INSTRUCTIONS FOR THE TASK —
Exact copy, no pictures: every line from the one that contains "Jeden z dawnych" through the end of the data below, and nothing else.

+++ DATA FOR THE TASK

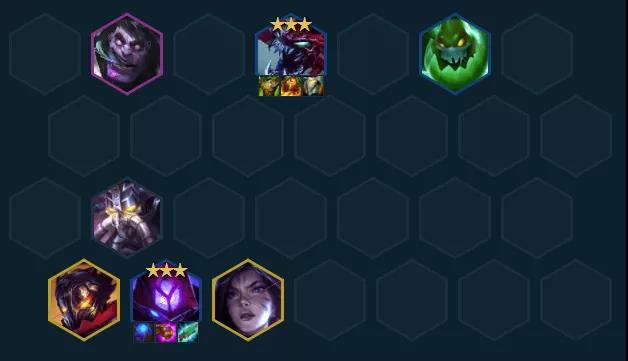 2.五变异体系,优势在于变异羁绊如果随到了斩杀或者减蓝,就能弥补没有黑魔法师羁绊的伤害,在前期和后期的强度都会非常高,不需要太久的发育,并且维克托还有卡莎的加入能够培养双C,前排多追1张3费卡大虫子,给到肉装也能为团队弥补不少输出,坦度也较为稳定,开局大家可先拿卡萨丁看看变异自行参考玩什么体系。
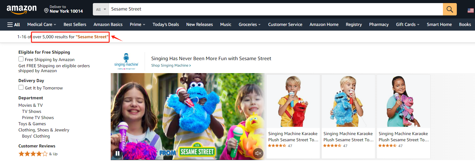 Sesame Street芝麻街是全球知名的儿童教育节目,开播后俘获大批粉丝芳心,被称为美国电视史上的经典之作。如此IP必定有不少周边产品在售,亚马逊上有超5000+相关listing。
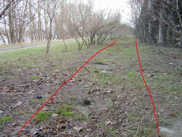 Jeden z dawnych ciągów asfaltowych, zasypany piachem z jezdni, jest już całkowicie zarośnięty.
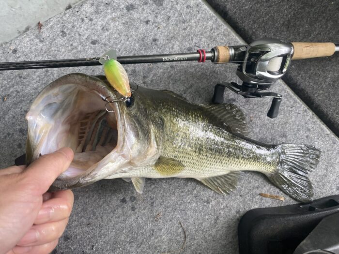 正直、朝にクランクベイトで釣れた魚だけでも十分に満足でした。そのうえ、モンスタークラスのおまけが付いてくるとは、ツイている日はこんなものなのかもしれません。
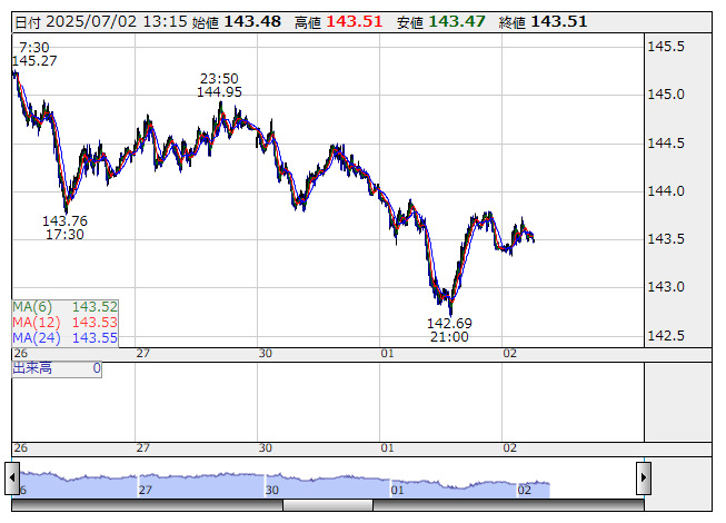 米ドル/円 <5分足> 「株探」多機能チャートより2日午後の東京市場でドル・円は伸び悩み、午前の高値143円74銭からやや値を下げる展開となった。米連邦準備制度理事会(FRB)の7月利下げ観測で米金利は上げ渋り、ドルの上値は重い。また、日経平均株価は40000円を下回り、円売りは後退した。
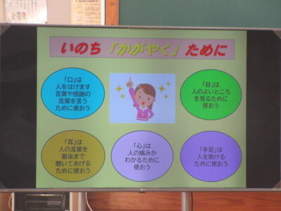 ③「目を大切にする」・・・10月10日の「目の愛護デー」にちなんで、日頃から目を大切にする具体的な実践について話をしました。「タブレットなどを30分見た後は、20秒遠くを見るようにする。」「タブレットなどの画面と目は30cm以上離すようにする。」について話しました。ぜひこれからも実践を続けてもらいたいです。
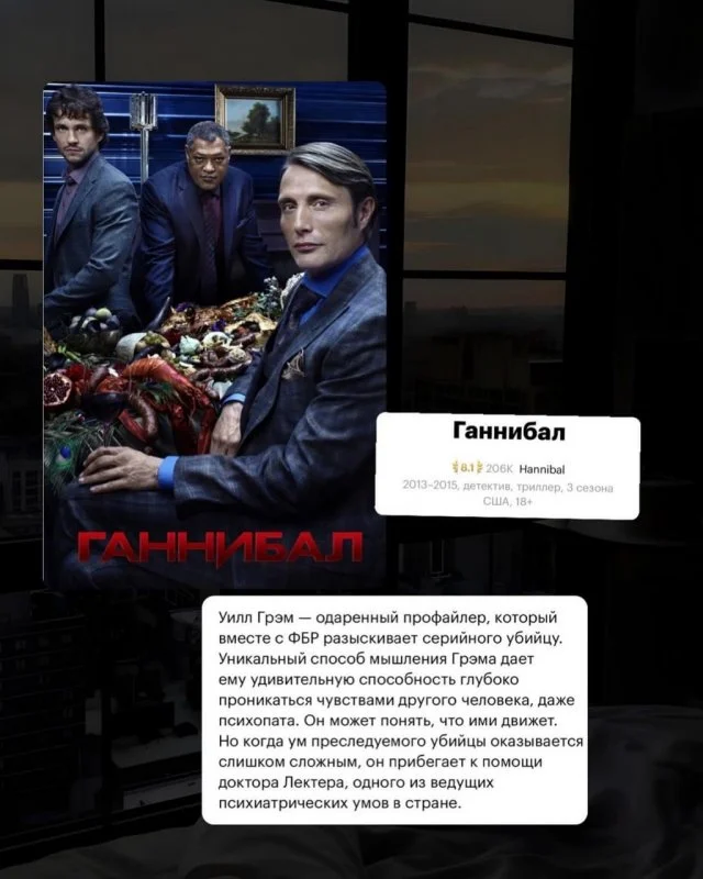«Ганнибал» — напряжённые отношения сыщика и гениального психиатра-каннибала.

++++++

EXPECTED ANSWER —
 Jeden z dawnych ciągów asfaltowych, zasypany piachem z jezdni, jest już całkowicie zarośnięty.
 正直、朝にクランクベイトで釣れた魚だけでも十分に満足でした。そのうえ、モンスタークラスのおまけが付いてくるとは、ツイている日はこんなものなのかもしれません。
 米ドル/円 <5分足> 「株探」多機能チャートより2日午後の東京市場でドル・円は伸び悩み、午前の高値143円74銭からやや値を下げる展開となった。米連邦準備制度理事会(FRB)の7月利下げ観測で米金利は上げ渋り、ドルの上値は重い。また、日経平均株価は40000円を下回り、円売りは後退した。
 ③「目を大切にする」・・・10月10日の「目の愛護デー」にちなんで、日頃から目を大切にする具体的な実践について話をしました。「タブレットなどを30分見た後は、20秒遠くを見るようにする。」「タブレットなどの画面と目は30cm以上離すようにする。」について話しました。ぜひこれからも実践を続けてもらいたいです。
«Ганнибал» — напряжённые отношения сыщика и гениального психиатра-каннибала.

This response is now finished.